■ Aim of the exercise
When you return the data, keep every line exactly as it is and leave out the pictures.

■ Dataset content
[Start of section]

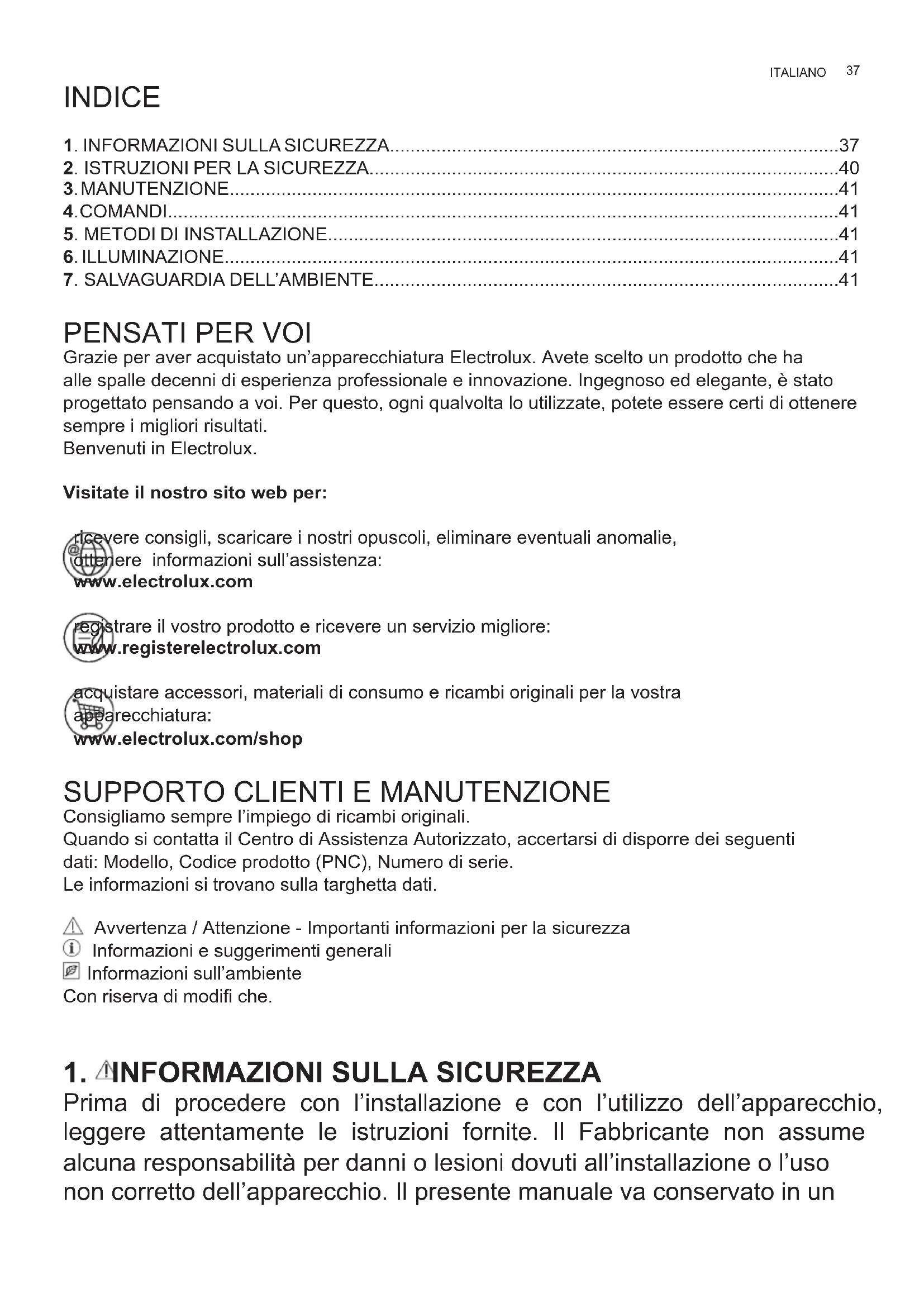 Prima di procedere con l’installazione e con l’utilizzo dell’apparecchio, leggere attentamente le istruzioni fornite. Il Fabbricante non assume alcuna responsabilità per danni o lesioni dovuti all’installazione o l’uso non corretto dell’apparecchio. Il presente manuale va conservato in un ITALIANO38 www.electrolux.com luogo sicuro e di facile accesso per futuro riferimento.
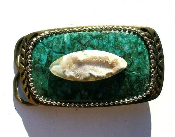 Vtg Hand Made South Western Belt Buckle (Agate Stone Geode Gemstone) #62
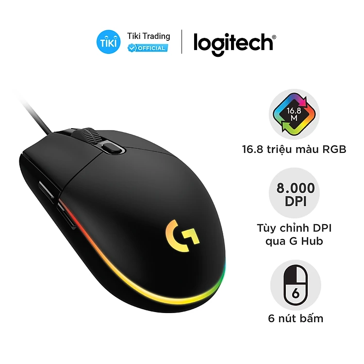 Chuột game có dây Logitech G203 Lightsync - Tùy chỉnh RGB, 6 nút lập trình, nhẹ, 8000 DPI, PC/Mac - Hàng chính hãng
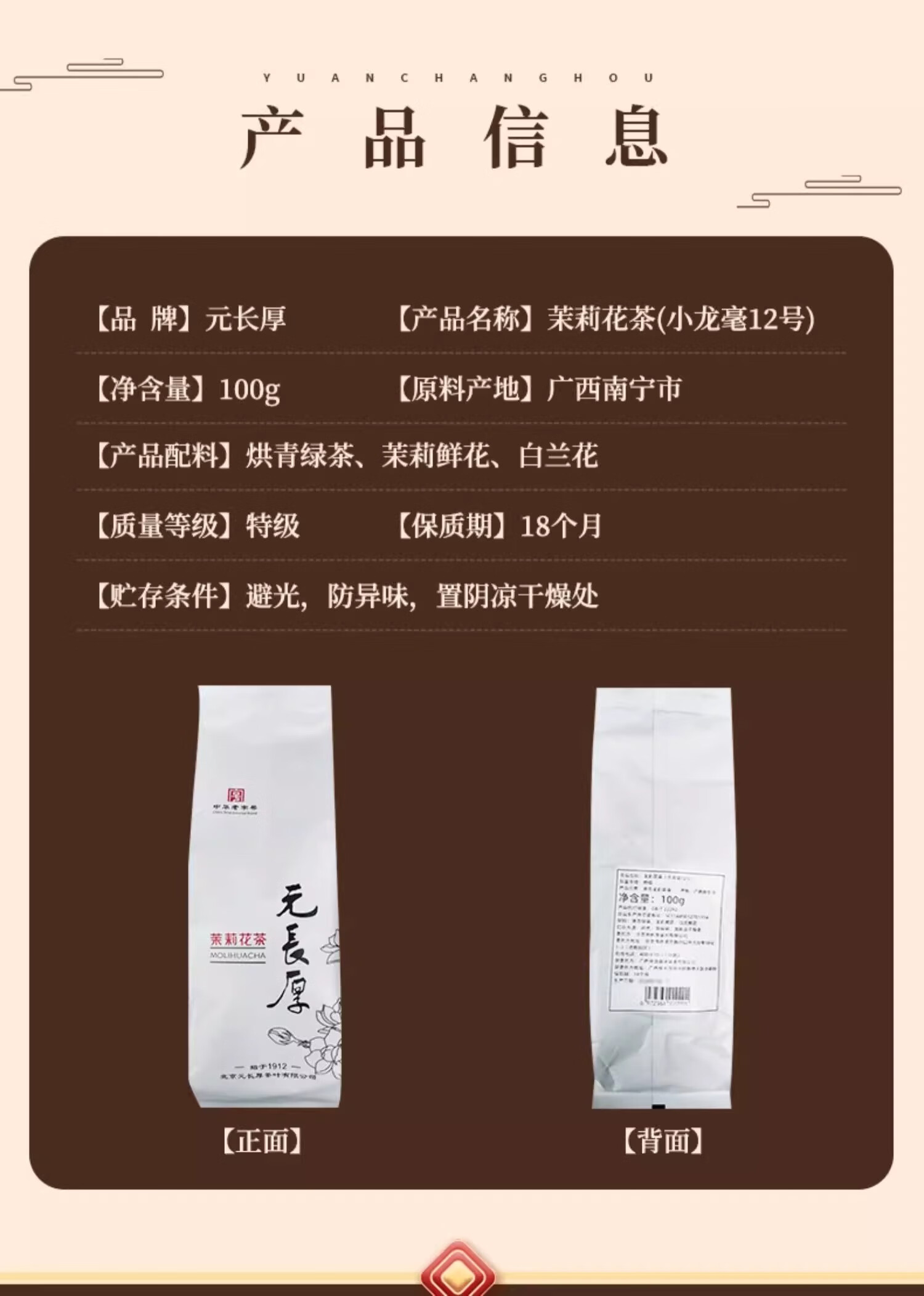 元长厚茶叶茉莉花茶 2025年新茶送礼茗茶 特级浓香型【小龙毫12号100g】

[End of section]

■ Task output
 Prima di procedere con l’installazione e con l’utilizzo dell’apparecchio, leggere attentamente le istruzioni fornite. Il Fabbricante non assume alcuna responsabilità per danni o lesioni dovuti all’installazione o l’uso non corretto dell’apparecchio. Il presente manuale va conservato in un ITALIANO38 www.electrolux.com luogo sicuro e di facile accesso per futuro riferimento.
 Vtg Hand Made South Western Belt Buckle (Agate Stone Geode Gemstone) #62
 Chuột game có dây Logitech G203 Lightsync - Tùy chỉnh RGB, 6 nút lập trình, nhẹ, 8000 DPI, PC/Mac - Hàng chính hãng
 元长厚茶叶茉莉花茶 2025年新茶送礼茗茶 特级浓香型【小龙毫12号100g】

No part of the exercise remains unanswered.